Hawra’a A. Yassin*
| Abdul Hassan K. Al-Shukur
© 2025 The authors. This article is published by IIETA and is licensed under the CC BY 4.0 license (http://creativecommons.org/licenses/by/4.0/).
OPEN ACCESS
The impact of pier shapes, spacing, skew angle, and non-uniform sediment on local scour brought on by clear-water flow around three side-by-side (rectangular and lenticular) bridge piers was investigated experimentally. The experiments varied the spacing between piers' and four different pier skew angles ($0^{\circ}, 30^{\circ}, 45^{\circ}$, and $60^{\circ}$), the sediment has mean particle size $\left(\mathrm{d}_{50}=0.873 \mathrm{~mm}\right)$, and a flow depth of 5 cm , and $\mathrm{S} / \mathrm{D}_{\mathrm{p}}=1$ and 3. The results show that under all flow conditions, Maximum Scour Depth (MSD) were found in front of the bridge piers, regardless of the size of the piers. Because of the extensive exposed area, the rectangular form has the largest $\mathrm{MSD}=10.6,8.8$, and 6.5 for $\mathrm{P}_1, \mathrm{P}_2$, and $\mathrm{P}_3$, respectively at a skew angle of $30^{\circ}$ and $\mathrm{S} / \mathrm{D}_{\mathrm{p}}=1$, otherwise, the lenticular shapes are the best for piers Since they reduce scour depth by $30 \%$ compared to rectangular shapes when the skew angle increased from $\left(0^{\circ}-30^{\circ}\right)$ the scour depth increased, but when the skew-angle was more than $30^{\circ}$ the scour depth decreased for the same $\mathrm{S} / \mathrm{D}_{\mathrm{p}}$. When $\alpha \geq 45$, the scour downstream increases. The scour depth decreases when the spacing increases $\left(\alpha=0^{\circ}\right.$ and $\left.30^{\circ}\right)$. On the other hand, for the skew angle of $45^{\circ}$, the scour depth is greater when $\left(\mathrm{S} / \mathrm{D}_{\mathrm{p}}=1\right)$ compared to $\left(\mathrm{S} / \mathrm{D}_{\mathrm{p}}=3\right)$ when the skew angle is $\left(0^{\circ}-30^{\circ}\right)$, but when the skew angle is more than $30^{\circ}$, the scour depth increased as the spacing between the piers increased. Additionally, it shows the MSD decreased as the armor layer's grain size increased.

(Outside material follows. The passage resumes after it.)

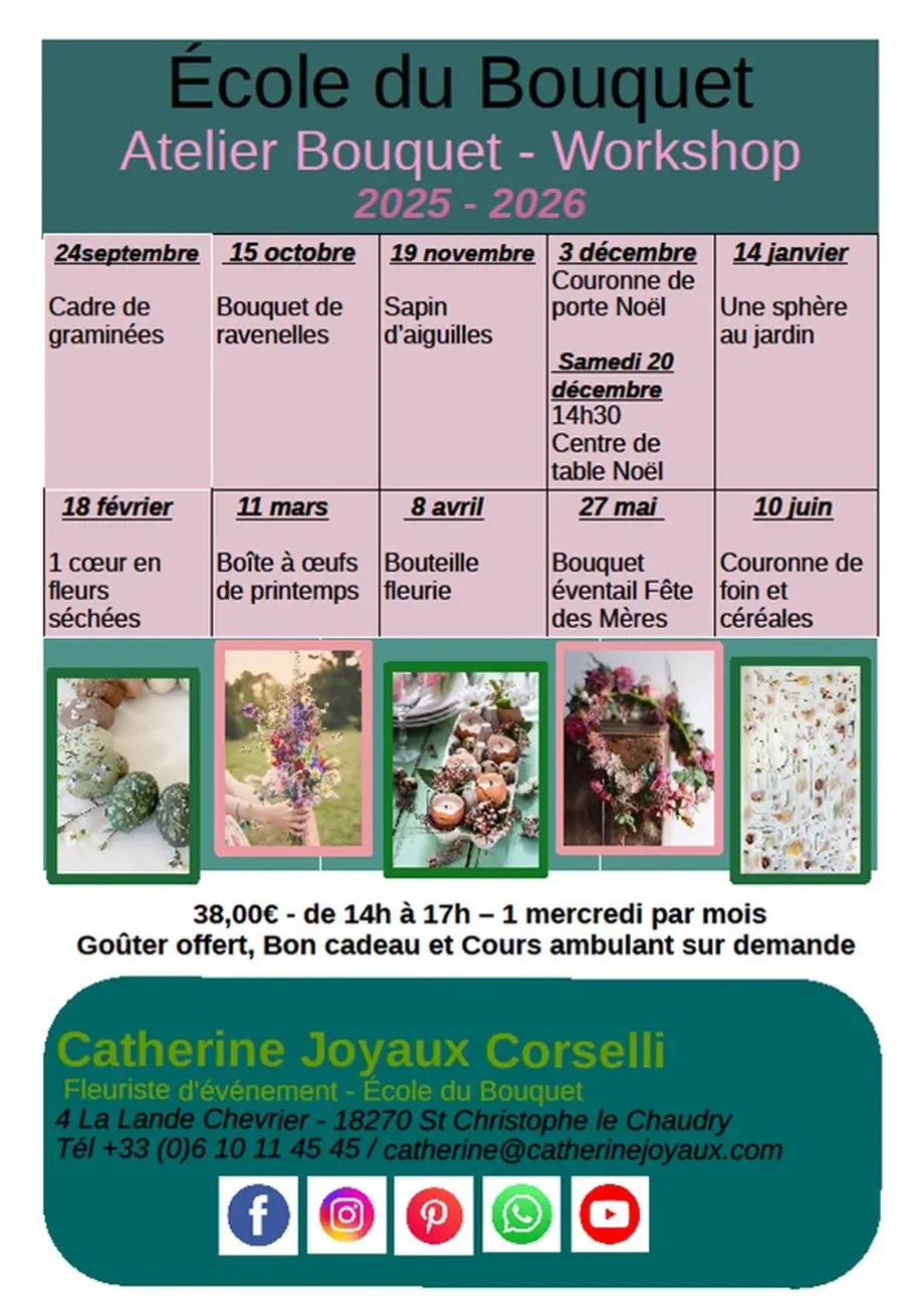 Ateliers floraux chez MélodieJusqu'au 08/08/2026 BourgesEnvie de ralentir, de créer, de vous entourer de beauté ? Mélodie vous invite à découvrir sa programmation d’ateliers floraux pour 2025 et 2026.

bridge piers, local scour, horseshoe vortex, side-by-side, pier spacing
Most bridge collapses globally are caused by local scour, which is probably the most common danger to bridge piers and foundations [1].
Recently, several studies have investigated the impact of different factors on the creation of vortex systems around bridge piers. These factors can be classified into three groups: (1) flow parameters, such as approach velocity and flow depth; (2) sediment parameters, including median size, size distribution, and sediment density; and (3) pier characteristics, including shape, type, and dimensions [2-7]. A significant factor that increases the scour danger of bridges is the pier geometry. The pier geometry significantly influences the development and resistance of the vortex system [1, 6, 8-12].

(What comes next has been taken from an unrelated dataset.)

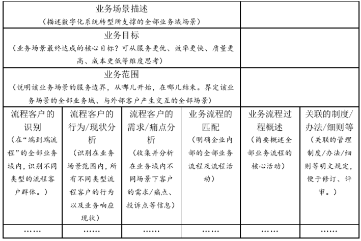 为有效构建数字化平台的转型模型,从数字化系统支撑的全部业务域,或与外部客户产生交互的全部业务场景出发,识别出该业务域内的“端到端流程”。再以“端到端流程”为客户创造价值、高效实现业务目标为导向,结合客户需求及客户触点中流程运行的问题开展流程优化,驱动数字化平台转型的支撑,从而解决业务问题,或达成业务目标。

The vertical shape of the pier at the riverbed substantially affected the flow structure. This leads to significant variations in the flow field based on the pier shape, resulting in different scour patterns. The most important variables in the scour process are the vortices generated from the pressure differentials when the water velocity profile encounters an obstruction. The scouring mechanism occurs because of the complex vortex of a system. This system includes a horseshoe vortex, wake vortex, trailing vortex, and bow-wave vortex [12, 13].

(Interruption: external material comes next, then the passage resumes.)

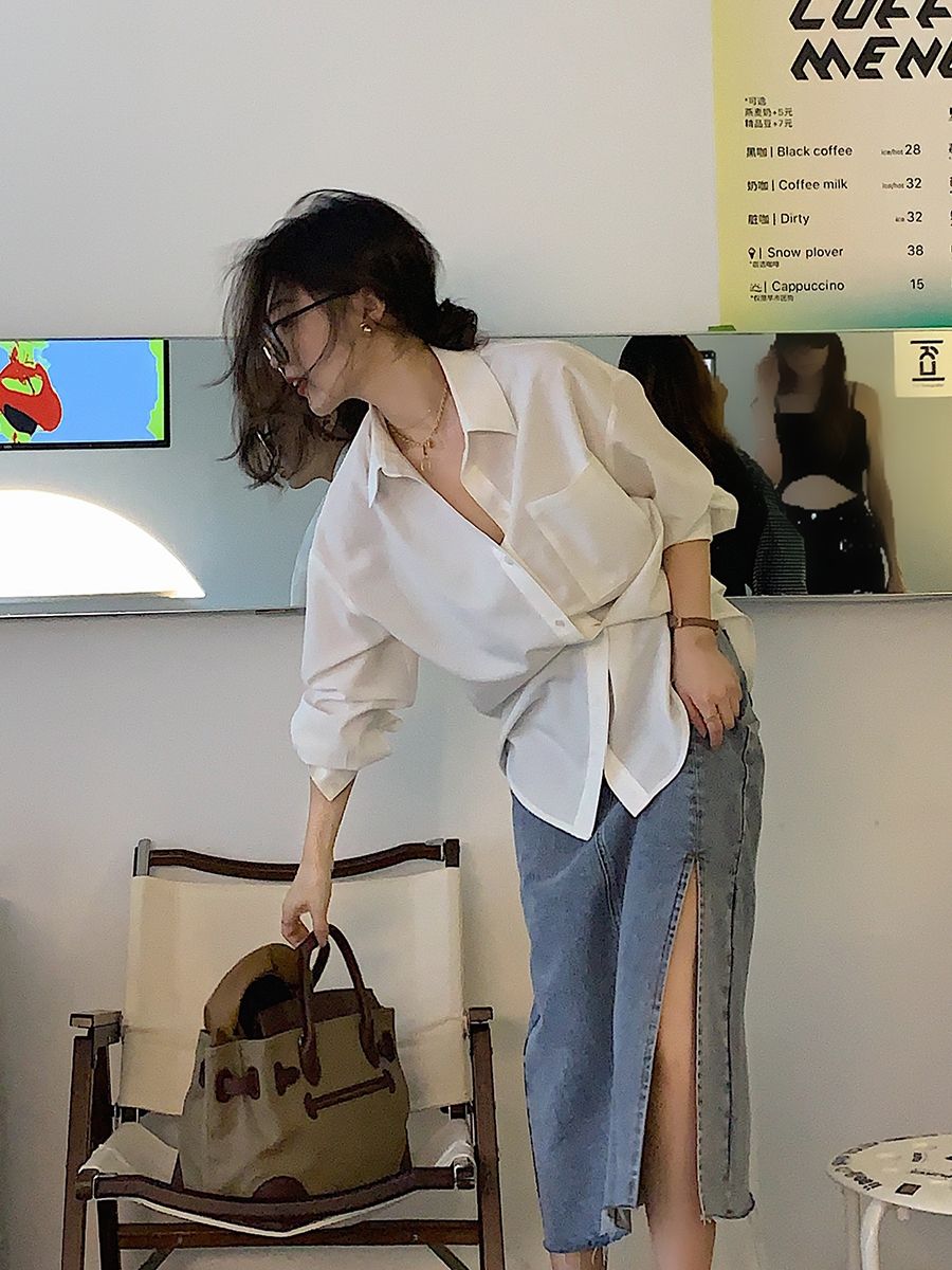 单穿衬衫搭配裙子的时候,风格比较的随性,同时又特别地适合秋季,这样穿出来的造型简单又干练,反正高级感是存在的。因为这个季节刚好也不是那么冷嘛,所以这样穿搭就正好,也不会说穿太少,但是也不会太厚重。

According to the study conducted by Namaee and Sui [14], the horseshoe vortex, which is mainly caused by the downflow, is located on the pier's upstream face. The horseshoe vortex and fast flow close to the piers increased the bed shear stress, resulting in localized scour formation around the piers. Then, the horseshoe and wake vortices gradually subsided, the scouring process decreased, and the bed shear stress decreased. Consequently, the bed shear stress exceeds the critical shear stress, causing the scour hole to reach an equilibrium state where the sediment particles are no longer transported or moved into suspension. There are two types of vortices: wake vortices caused by the separation area at the sides and downstream of the pier, and horseshoe vortices at the front side of the pier [15].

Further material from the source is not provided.